On 28 Sep 2015, at 4:59, Joe Abley wrote:

Hi all,

We don't seem to be getting anywhere with this draft. (Jakob is going to bump it to -12; there have been no real updates apart from the version bump in

I appreciate that the methods described in this document are not universally liked. I have a feeling that we would get more discussion if the question was more open-ended, e.g. how should trust anchors be published?

This document describes existing practice, and provides guidance for people who need to bootstrap a validator using the mechanisms provided by ICANN back in 2009/2010 when the root zone was first published.

Here's a suggestion. If we were to consider publishing this document as-is as a way of describing the current approach, we would at least have a stable reference to the way we do things today. We could always consider other approaches and, once implemented by ICANN, publish a new document that obsoletes or updates this one.

If that's an approach that people could stomach, then I would suggest the next step is to WGLC this document and for those who would like to propose different mechanisms to write them down.

We could do that, but the RFC should probably not be published for at least another six months due to terminology / politics / IANAPLAN, so we don't need to rush the WG LC either. For example, the draft uses the phrase "an IANA function performed by ICANN", to which many folks at layer 9 will object until the transition has already happened.

If the WG wants to adopt this draft before the IANA transition is done, I would strongly prefer that the document be first adopted before there is a WG Last Call.

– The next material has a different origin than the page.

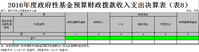 八、政府性基金预算财政拨款收入支出决算表(表8)

Getting the wording in the document about "this is a current implementation" should be done in more than one step. As a concrete example, the abstract boldly states "This document describes how such trust anchors are published" which should instead be "This document describes one way how such trust anchors are published". Even the phrase in the abstract "has been cryptographically signed" can be misread by the ICANN skeptics as "was signed in the past, but isn't currently". There are other examples in the document that should be stated more carefully.

Also: how much is this document really needed? Are there operators of validating resolvers who are unfamiliar with how to get the trust anchor? It is likely that the most common method for getting the DNSSEC trust anchor for the DNS is "it came in my distro". If so, then a "how it is currently done" document needs to emphasize the positive and (maybe very) negative aspects of this practice.